The Nor’wester organization strongly encourages teachers to think of their therapy dog team as a “teaching tool” to be used to help meet academic and instructional goals.  Tanya Mahon, a teacher at Davis Elementary in the Centennial School District shared two successful lessons used while her therapy dog team was visiting. 

COMPARE AND CONTRAST: VENN DIAGRAM Tanya began class by reading the story Officer Buckle and Gloria by Peggy Rathman to her students.  Her goals included listening skills, literature appreciation, compare and contrast, and learning to use a Venn diagram. After the story was over, Tanya  asked each child to label the 3 sections of the diagram. The therapy dog, Molly, was the left circle portion, Gloria was the right portion, and the center overlap represented how both dogs were the same. They then had a discussion about the “differences” between Molly and Gloria, recording the specific differences in the corresponding circle portions. For example, Gloria is a police dog and Molly is a therapy dog.  Gloria was a German Shepherd and Hannah is a Portuguese Water Dog. Some of the similarities the children identified were that both dogs had a job and both were girls. It was amazing how the presence of a live dog really made the lesson come “alive!” 

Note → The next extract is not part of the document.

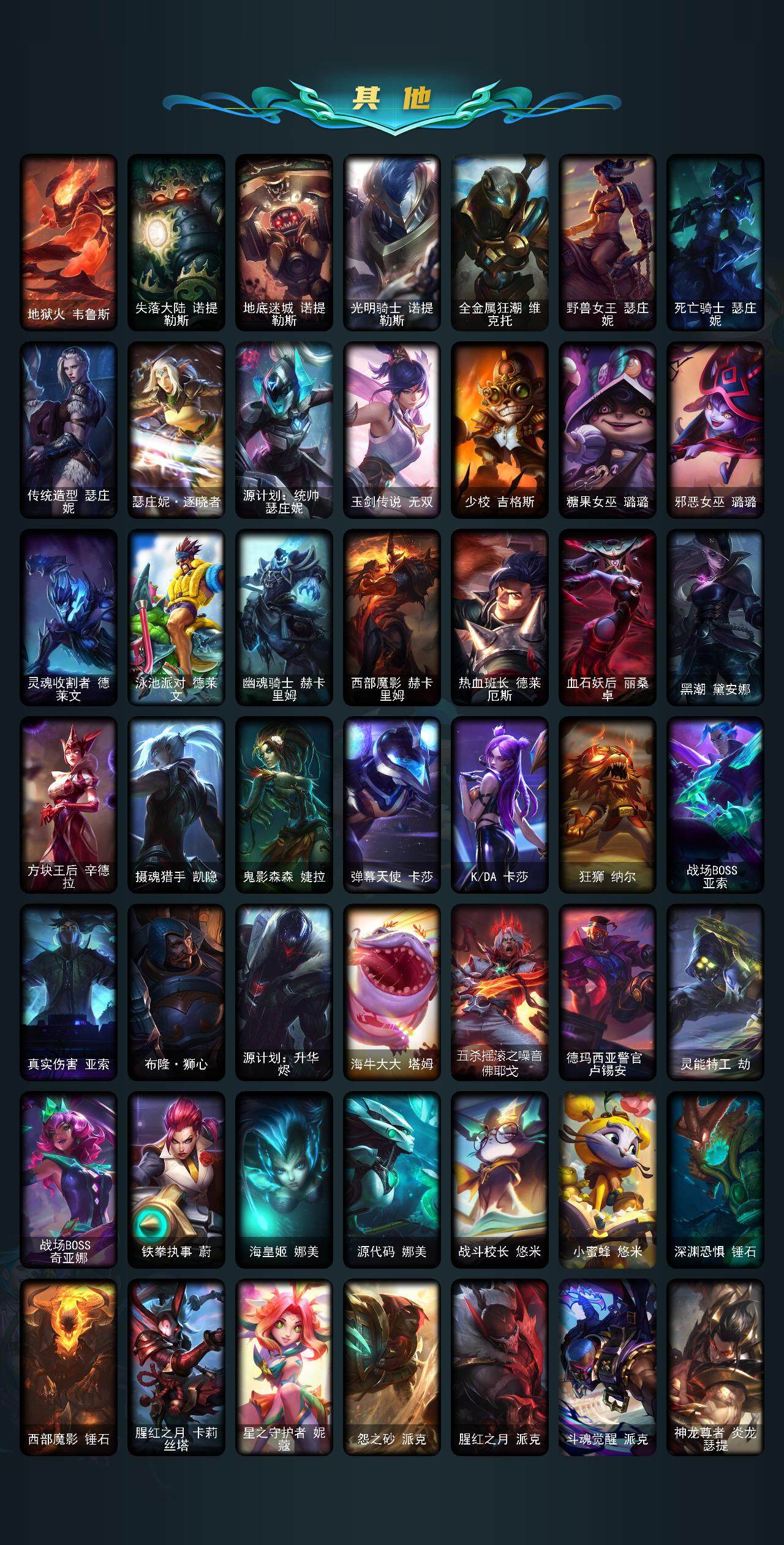 【神话皮肤】:十周年纪念安妮,十五周年纪念希维尔,暗星科加斯,神凰行者瑞羽圣凰艾尼维亚,灰烬骑士莫德凯撒,海克斯科技阿利斯塔,海克斯科技嘉文四世,海克斯科技雷克顿,海克斯科技魔腾,恐惧新星德莱厄斯,摄魂使者薇恩,新创战纪希维尔,至臻征服者贾克斯,至臻真实伤害赛娜,至臻真实伤害亚索,至臻KDA伊芙琳,至臻KDA伊芙琳2022,至臻灵魂莲华易,至臻魔女婕拉,至臻绒毛菲兹,至臻绒毛菲兹2022,至臻未来战士锤石,至臻未来战士锤石2022,至臻未来战士卢锡安,至臻腥红之月亚托克斯,至臻腥红之月亚托克斯2022,至臻源计划逆流塞拉斯,至臻源计划阴劫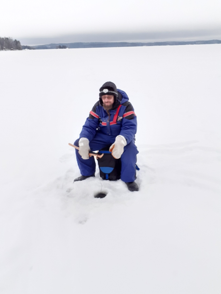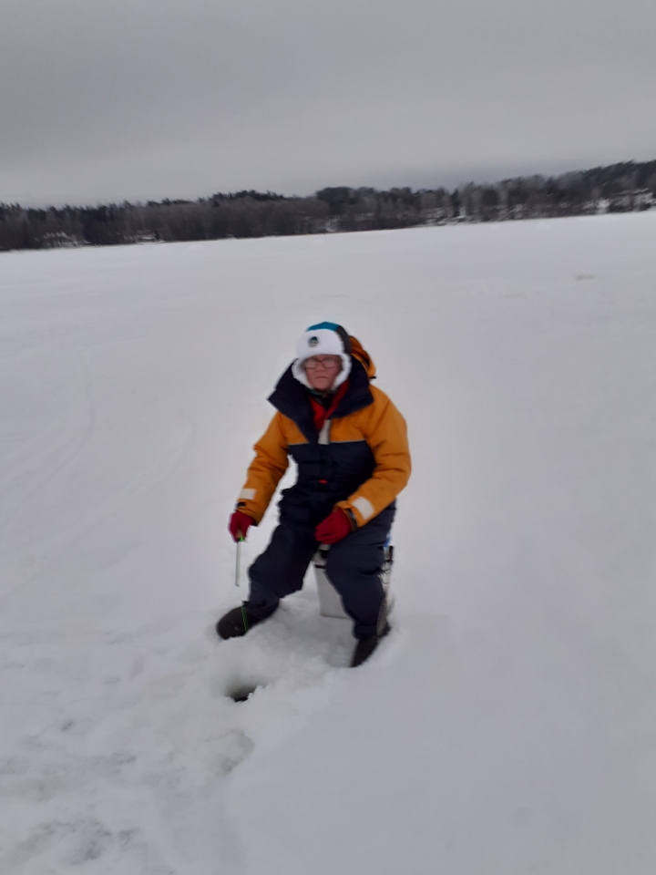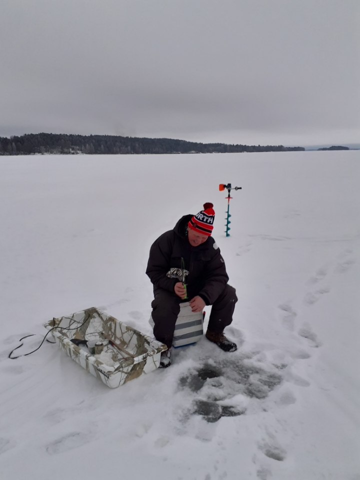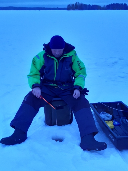 Eklundin ranta, Mälkiäinen klo 17 – 20. Jäätä 46 cm, -4 astetta pakkasta. 9 pilkkijää.

MEASURING:  Using the book Measuring Penny by Loreen Leedy, Tanya set forth the goals of listening skills, literature appreciation, following directions, interpreting measurement in a variety of ways, and         recording the findings. This lesson took 2 weeks, and the second week incorporated compare and contrast since both Hannah and Heidi visited the class. In the story, Lisa has an important homework assignment– to measure something in several different ways. She has to use standard units like inches/centimeters and nonstandard units like paper clips to find out height, width, length, weight, volume, temperature, and time. Lisa decides to measure her dog, Penny, and finds out … Penny’s nose = 1 inch long  Penny’s tail = 1 dog biscuit long, and Penny’s paw print = 3 centimeters wide … and that was only the beginning! Lisa learns a lot about her dog and about measuring, and even has fun doing it. The students measured both Heidi (week 1) and Hannah the following week with inches, centimeters, Lego blocks, paper clips, and magic markers to find out how long their ears, legs, tails were and how tall each one was. They had lots of fun comparing and contrasting the differences between Heidi and Hannah.

THANK YOU to Tanya Mahon for sharing these wonderful teaching ideas!